Gene Targets to Halt Cognitive Decline


Researchers have identified potential mechanisms that allow long-lived mutants of the model organism Caenorhabditis elegans to preserve learning and memory abilities later in life, while some exhibit cognitive decline.

The study, previously published as a Reviewed Preprint in eLife, with a revised version appearing today, is described as of fundamental importance by the editors. They say it provides compelling evidence for the mechanisms by which C. elegans worms with a mutation in the daf-2 gene maintain cognitive function later in life better than their typical counterparts.

The findings could inform strategies to combat the cognitive decline associated with ageing in humans.

Cognitive Decline: A Growing Public Health Concern as Society Age

“As our society ages, cognitive decline is becoming an increasingly significant public health concern, with global cases of dementia expected to triple by 2050 according to research presented at the 2021 Alzheimer’s Association International Conference,” says lead author Yifei Weng, doctoral candidate in the Department of Molecular Biology, Princeton University, New Jersey, US. “Understanding and preventing the underlying issues of neuronal structure and behavioural decline associated with ageing is therefore crucial for societal health.”

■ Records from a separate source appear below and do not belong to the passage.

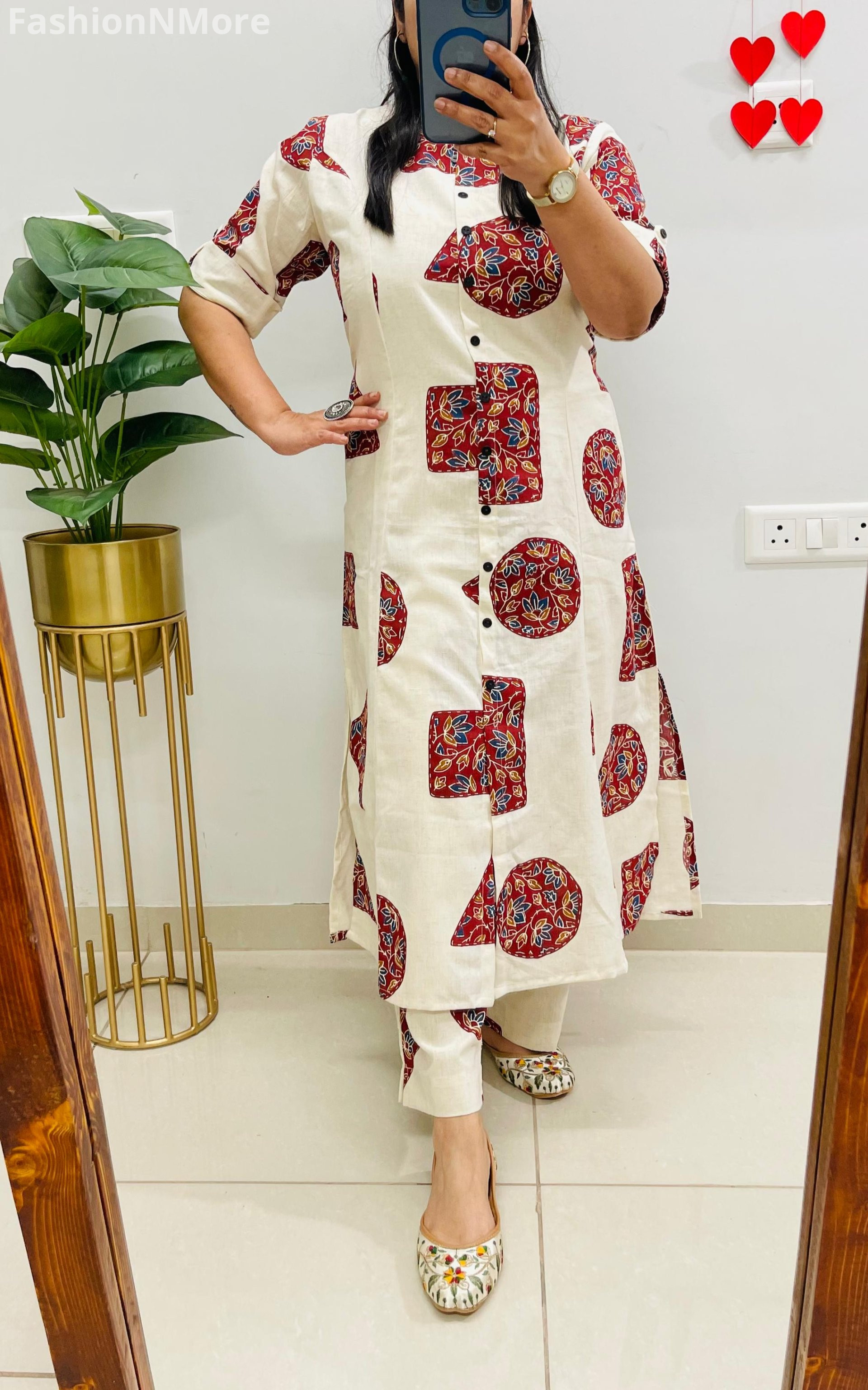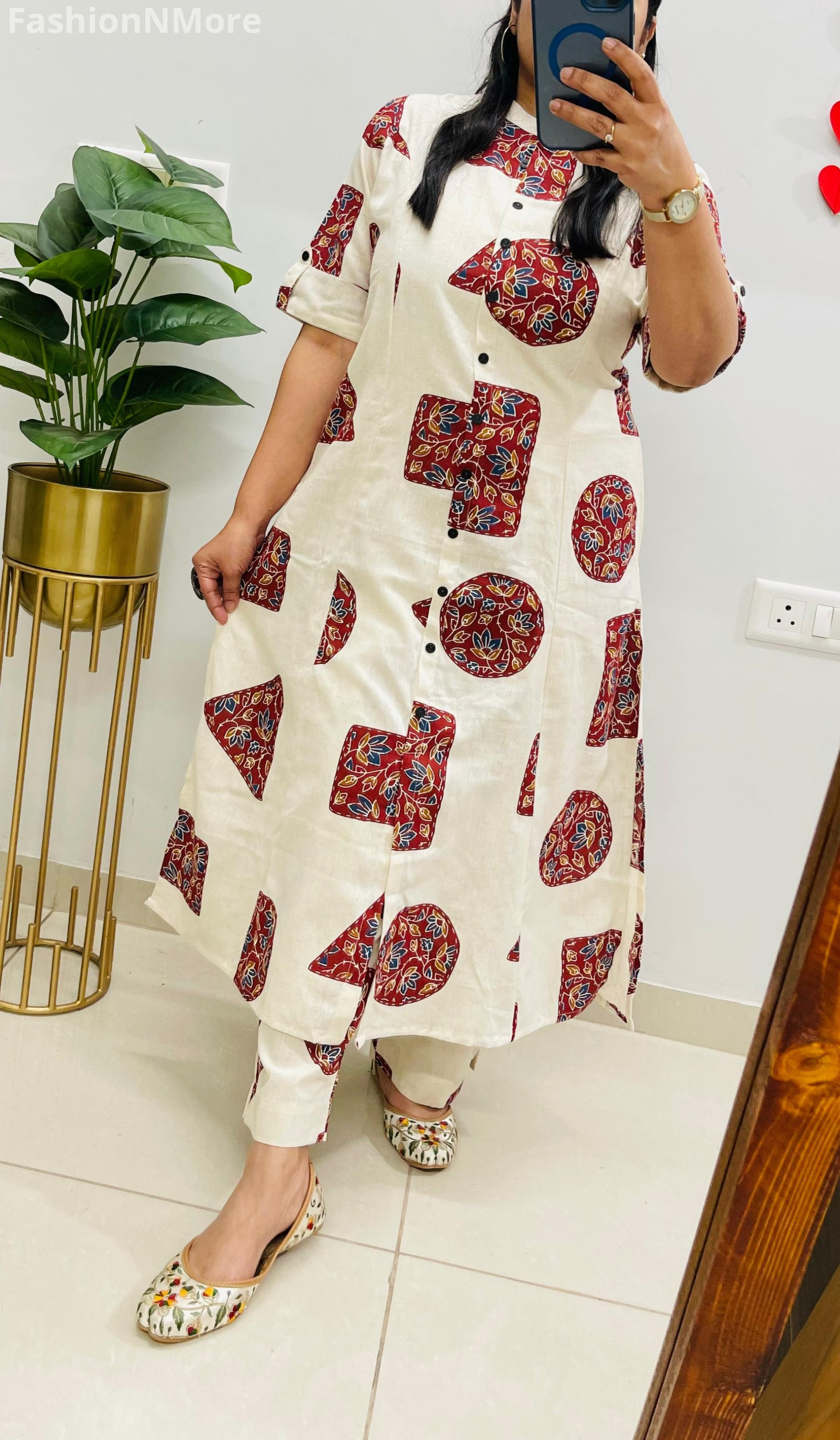 ✔ Elegant A-line kurti pattern paired with matching pants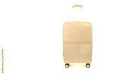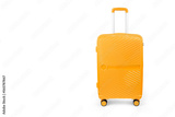 Suitcase isolated on white. Yellow , fashionable travel suitcase on white background with shadow. Orange travel luggage. Front view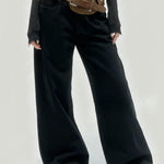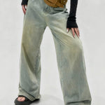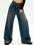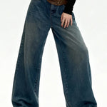 Ladies Vintage Fleece Lined Wide Leg Denim Pants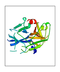 These views are prepared from three orthologuous viewpoints with MolScript. Secondary structures are determined from the C-alpha atom positions of your protein (N-terminal blue, C-terminal red).

C. elegans is a commonly used model organism in biology, and is particularly useful for studying the effects of ageing, given its simple nervous system and short lifespan. Many of the genes for neuronal function in mammals are conserved in C. elegans, making discoveries in the species potentially applicable to humans.

The Insulin/IGF-1-like signalling (IIS)/FOXO pathway is a signalling system that regulates growth, metabolism and lifespan, and is highly conserved across species. The daf-2 Insulin/IGF-1 receptor is a key part of this pathway – worms with a genetic mutation in this receptor (daf-2 worms) both have better memory in early adulthood and also show a significant extension of learning and memory span with age, although the mechanisms by which the latter occurs are not yet understood. Therefore, Weng and colleagues sought to identify how ageing daf-2 worms stave off cognitive decline in older age.

First, they investigated the changes in gene expression that typically occur in C. elegans neurons. They used a sequencing technique called RNA-seq to analyse neurons isolated from adult worms at days one and eight of adulthood – when the worms have already lost learning and memory capacity. In the aged worms, they observed decreased activity in genes related to neuronal function, and increased activity in genes involved in protein breakdown, production and gene regulation. To test whether specific increased expression of these genes with age was advantageous or disadvantageous, the team reduced the expression of three genes whose activity is higher in aged animals and performed behavioural assays. Reducing the expression of each of the three genes improved the memory performance of the worms. This indicates that some neuronal genes that increase with age can have a negative impact on learning and memory, and reducing their expression may be beneficial to the animal.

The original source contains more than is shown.